Imagine a template which looks like this:

// likely stored in configuration somewhere
$request_config = (object) [
    'https_required' => true,
    'https_forward_allowed' => true
    'http_accept' => [
        'application/json' => true,
        'xml/text' => false
    ],
    // other configurations you may need to validate a request or perhaps
    // determine its routing
];

$response_config = (object) [
    'cors_headers' => [
        'Access-Control-Allow-Origin: *',
        'Access-Control-Allow-Headers: origin, content-type, accept, authorization',
        'Access-Control-Allow-Methods: POST'
    ],
    'content-type' => 'application/json'
    // any other things you may want to configure in response
];

// instantiate response object based on configuration
try {
    // perhaps throw exception if configuration is bad
    $response = new Response($response_config);
} catch (Exception $e) {
    error_log(
        'Unable to build Response object. '
        . 'Exception message: "' . $e-getMessage . '"'
    );
    http_response_code(500);
    exit;
}

// try to build a valid request object
try {
    // instantiate request object
    // this instantiation should throw Exception (with reason) if you
    // get an unexpected request.
    // this request object constructor could check request headers
    // against expected values, try to to marshall (json_decode) the POSTed data
    // etc. and fail out with exception if request falls outside expected.
    $request = new Request($request_config);
} catch (Exception $e) {
    error_log(
        'Unable to build Resquest object. '
        . 'Exception message: "' . $e-getMessage . '"'
    );
    $response->set_error_code(400);
    $response->set_error_message('Bad Request');
    // call method which sends response, but would also be responsible
    // for sending appropriate method (like with internal class class to 
    // (send_headers()) or similar method.
    $response->send();
    exit;
}

// now you have valid Request object you can work with and do things like:
$post_data = json_decode($request->raw_input);

// maybe pass to the posted data to some class or otehr logic which builds
// a data structure for return.
$response->set_data(json_encode($some_data));
$response->send();
exit;

Note that the thought here is to define classes which can encapsulate the logic around validating the request against expected request headers. You make this functionality more usable and extensable in this fashion. For example, say you want to add an authentication/authorization component in your application. You could ideally just have to modify the Request class to handle the extra logic around validating authentication information.

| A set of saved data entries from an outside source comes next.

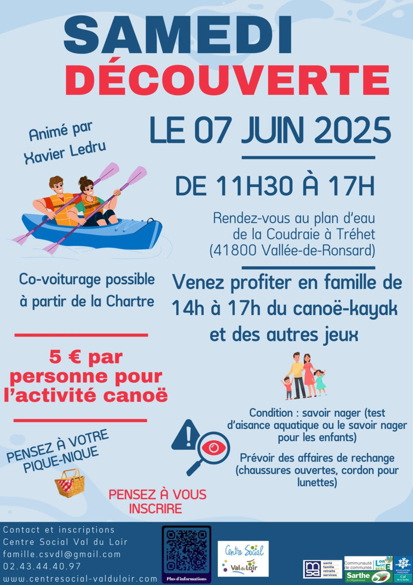 Le service famille a le plaisir de vous inviter au "samedi découverte", qui se tiendra le samedi 07 juin 2025. Nous vous donnons rendez-vous à 11h30 au plan d'eau de la Coudraie à Tréhet (41800 Vallée de Ronsard) afin de partager ensemble un pique-nique suivi d'une après-midi riche en activités. Au programme : canoë-kayak 🚣 et jeux en plein air ⚽🌳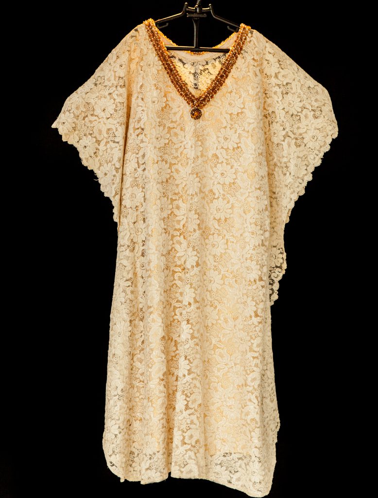 Vestido de Dona Ivone Lara usado nos anos 1980, o segundo mais antigo da carreira ainda preservado – o enfeite dourado foi aplicado pela própria Ivone | imagem: André Seiti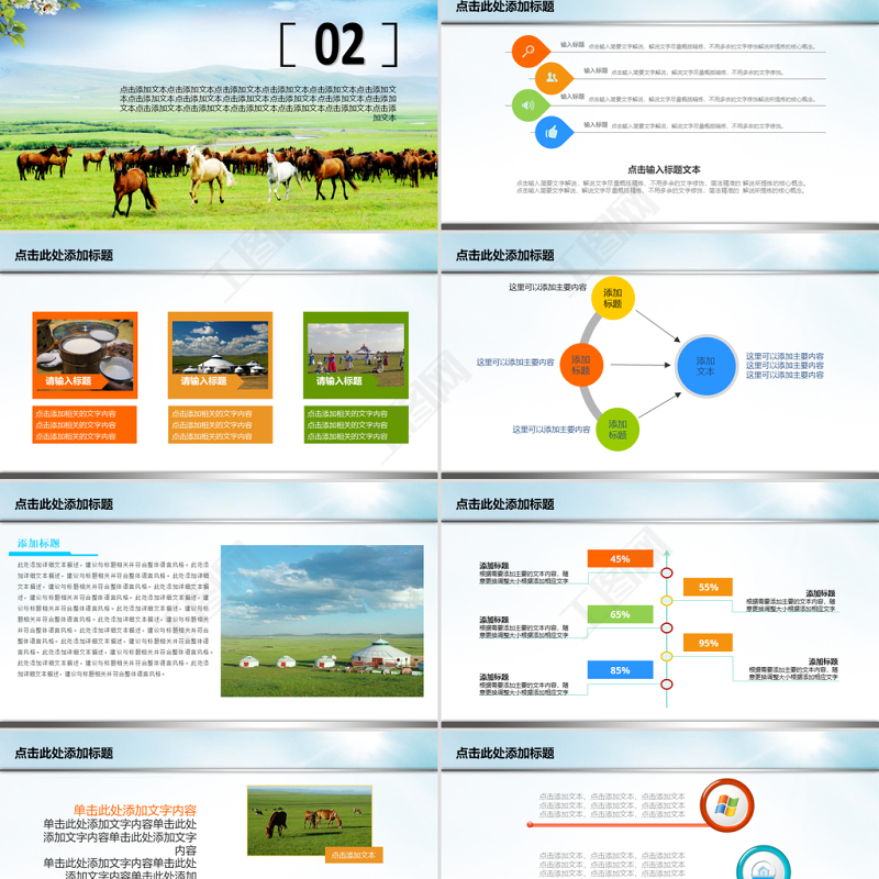 精美內(nèi)蒙古大草原民族風情蒙古包PPT模板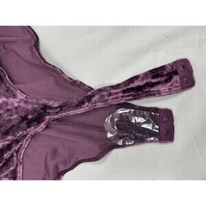 The Free People Don't You Wish Purple Velvet Bodysuit in size S is a top with puff sleeves and a V-neckline. This bodysuit is made from a polyester/elastane blend velvet fabric, making it machine washable and stretchy for easy care. Perfect for various occasions such as travel, parties, or casual wear, this bodysuit features a snap closure and is adorned with a solid purple color.

Outside of that, a few other thoughts:

  • $REQUEST_PROTOCOL = $isSecure ? 'https' : 'http'; What is this here for as it doesn't seem to be used anywhere else.
  • You have a few lines of code that are really long. Try to keep your lines under 80 characters.
  • You seem to start building your $response array out of order. Where you define the empty array is several lines past the first time you try to set information into that array.